Driven might be the best way to describe Kathleen Edwards.

Kathleen Margaret Edwards was born on July 11th 1978 in Ottawa, Ontario. Her father was a diplomat,and Kathleen grew up in such countries as South Korea and Switzerland. At the age of five, she started taking classical violin lessons that continued for the next twelve years. This came in handy when she recorded Failer; Kathleen played and arranged all the string parts on the album.

In 1997 her family moved back to Canada, and Kathleen’s musical tastes changed. Before this time she was mainly interested in mainstream pop music, but now she started to listen to her brother’s record collection. Her brother’s music included artists Bob Dylan and Neil Young. During her last two years of high school she started to play more guitar than studying.

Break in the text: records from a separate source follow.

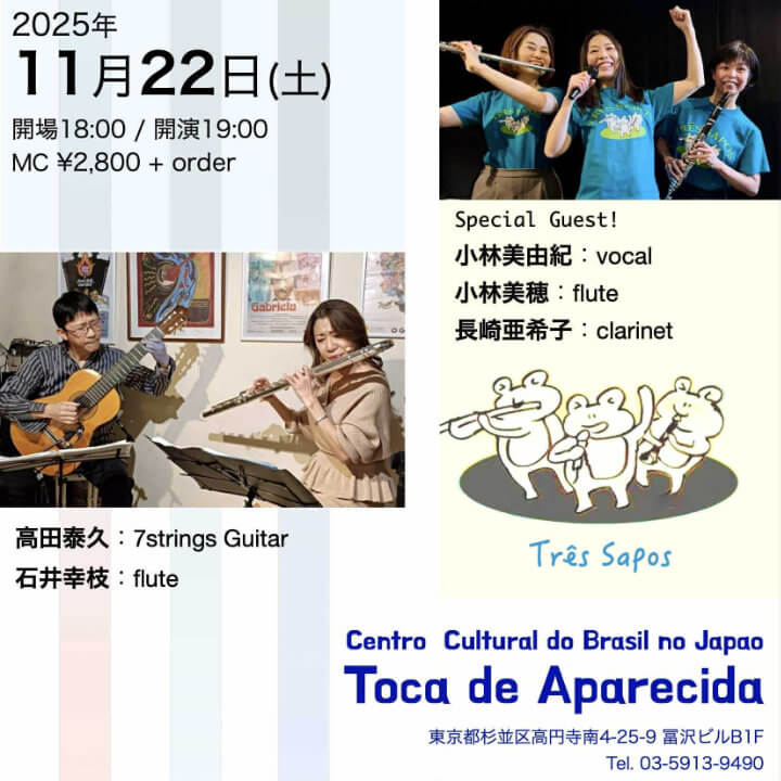 美しくスリリングなショーロ、躍動感いっぱいのサンバ、ボサ・ノヴァ、MPB、ノルデスチ等、ブラジルの様々なジャンルの楽曲を演奏します♪【Tres Sapos】
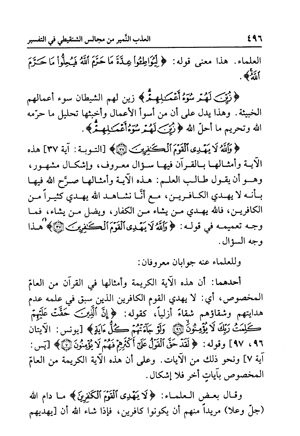 {وَاللَّهُ لاَ يَهْدِي الْقَوْمَ الْكَافِرِينَ} [التوبة: آية 37] هذه الآيةُ وأمثالُها بالقرآنِ فيها سؤالٌ معروفٌ، وَإِشْكَالٌ مشهورٌ، وهو أن يقولَ طالبُ العلمِ: هذه الآيةُ وأمثالُها صرَّح اللَّهُ فيها بأنه لا يهدِي الكافرينَ، مع أنَّا نشاهدُ اللَّهَ يهدي كثيرًا من الكافرينَ، فَاللَّهُ يهدي مَنْ يشاءُ من الكفارِ، ويضلُّ مَنْ يَشَاءُ، فما وَجْهُ تعميمِه في قولِه: {لاَ يَهْدِي الْقَوْمَ الْكَافِرِينَ} هذا وجهُ السؤالِ.
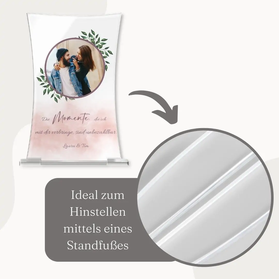 Gestalte Dir bei uns ein gefühlvolles Standbild ganz nach Deinen persönlichen Wünschen und Vorstellungen. Lade hierfür ein Bild von Dir und Deinem Partner, Deinem letzten Urlaub oder Deinem vierbeinigen Weg Begleiter hoch und hauche so Deinem märchenhaften Fotogeschenk Leben ein. Runde das Design mit einem persönlichen Schriftzug in einer Farbe und Schriftart Deiner Wahl ab und verschönere es optional auch mit einem unserer Motive. Dank der kinderleichten Bedienung unseres Online Konfigurators gelingt die Personalisierung im Handumdrehen. Die berührungsaktiven Hilfslinien sowie die Zentrierungsfunktion helfen dir bei der optimalen Ausrichtung von Bildern, Text und Motiven. Verschaffe Dir dank der Sofortanzeige von Deinem Standbild aus Acrylglas schon online ein detailliertes Bild und bessere kleinere Eingabefehler sofort aus. Dadurch können wir Dir immer ein Produkt fertigen, welches exakt Deinen Vorstellungen entspricht.
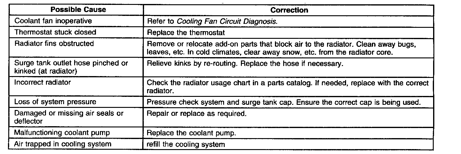 If these conditions can be eliminated as the cause of overheating, refer to the table below.
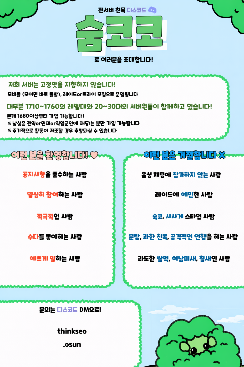 ✨[전섭] "숨코코" 친목 디스코드! 레이드/모바출/일숙/잡담✨ 새 글
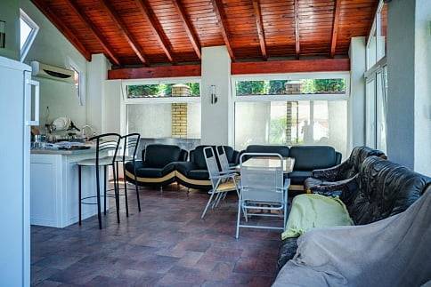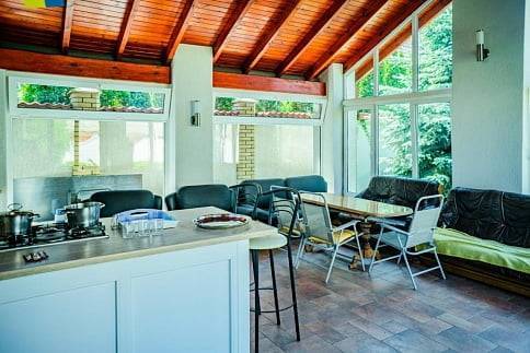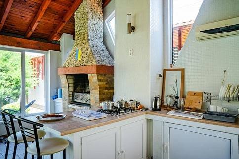 Также на территории находится барбекю, где каждый может порадовать себя вкусным шашлыком и овощами на гриле.
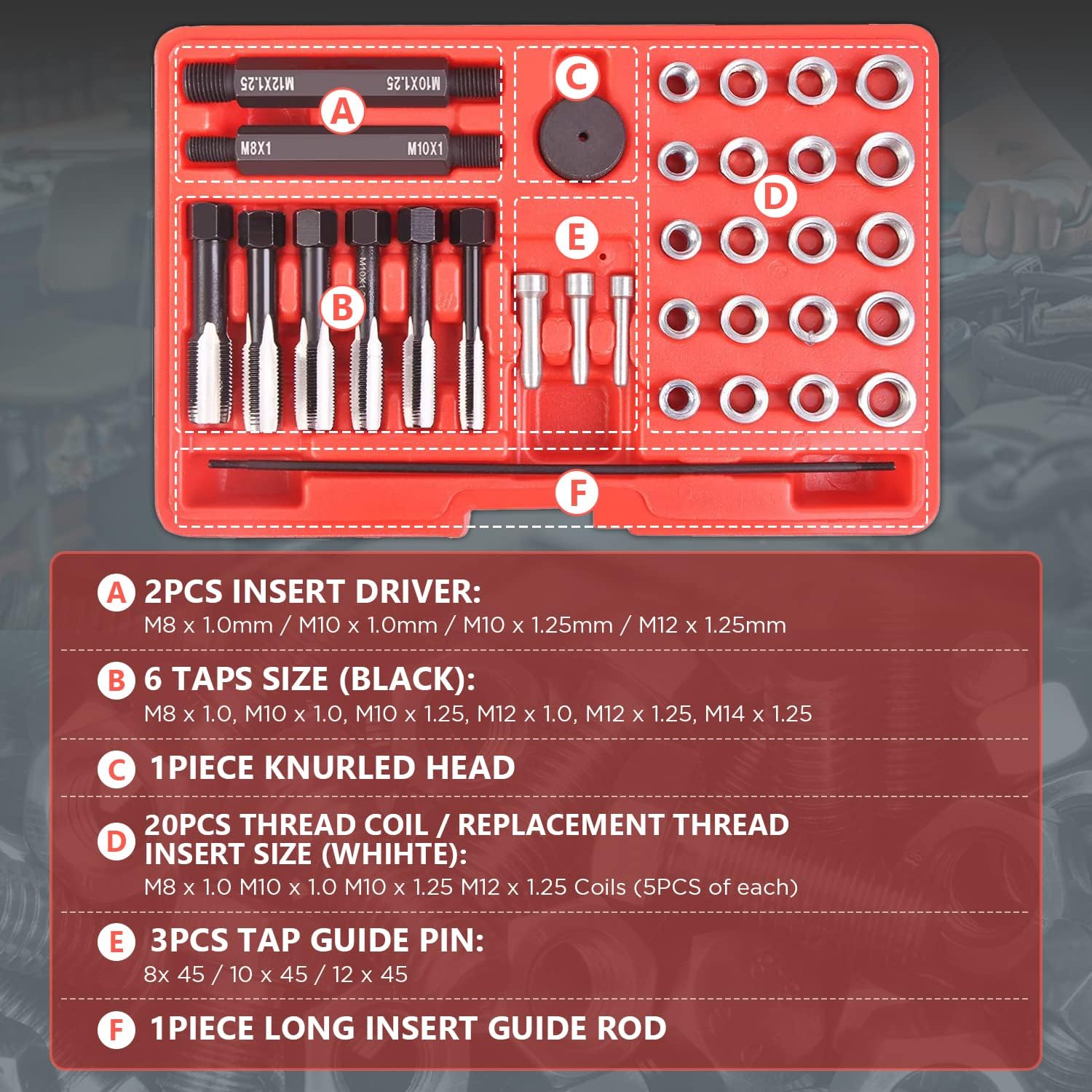 • 【Premium Quality】This rethreading kit contains 6 metric rethread taps sizes: M8*1.0, M10*1.0, M10*1.25, M12*1.0, M12*1.25, M14*1.25, 20pcs thread coils size: M8*1.0 M10*1.0 M10*1.25 M12*1.25 coils (5pcs of each), 2pcs insert driver: M8 x 1.0mm / M10 x 1.0mm / M10 x 1.25mm / M12 x 1.25mm, 3pcs tap guide pin: 8x 45 / 10 x 45 / 12 x 45, 1piece long insert guide rod and 1piece knurled head
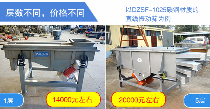 直線振動篩每相差一個型號,其價格就會升高1000-2000元,除此以外,其價格還是設備材質,層數的影響,主要分析如下:
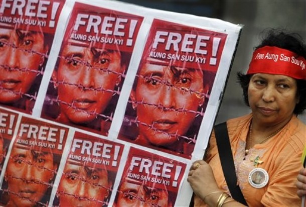 ဖိလစ္ပုိင္ႏုိင္ငံ၊ ျမန္မာသံရုံးေရွ႕မွ လႈပ္ရွားမႈမ်ား။ ဖိလစ္ပုိင္ရိွ ဒီမုိကေရစီအေရး လႈပ္ရွားသူမ်ားက ေဒၚေအာင္ဆန္းစုၾကည္ကုိ ေထာက္ခံၾကသည္။

“I played in (a school) band, but I never played in a band that wasn’t part of my musical upbringing, until I started playing guitar at summer-camp. I started playing more and more and wouldn’t study for exams, and just play down in my room. It started to take priority over doing well in school.

In 1999 she started to play open mike nights, and at the same time she started writing her own songs. She recorded the six-song ep Building 55, pressing 500 copies. She took it on a tour of a tour of Canada in her Suburban truck, the one pictured on the cover of Failer. She booked her own shows-made just enough gas money to take her from place to place.

Her latest album, Voyageur, came out on January 17th 2012. It became the most successful release of her career, with Voyageur debuting at #1 on Amazon and iTunes CA, #9 on Amazon US and #2 overall in Canada.

“I really feel as though it’s my best work – I feel so proud of it and it challenges me still in the sense of trying to find ways of doing it justice within a live context. That’s been great because previous albums have felt a little like live songs committed to record which made them a little bit easier to convert thus as I say, Voyageur has represented more of a challenge, and it’s been really rewarding in that sense.”

“I thought to myself: “If this is the last record I get to make, I gotta make it count.”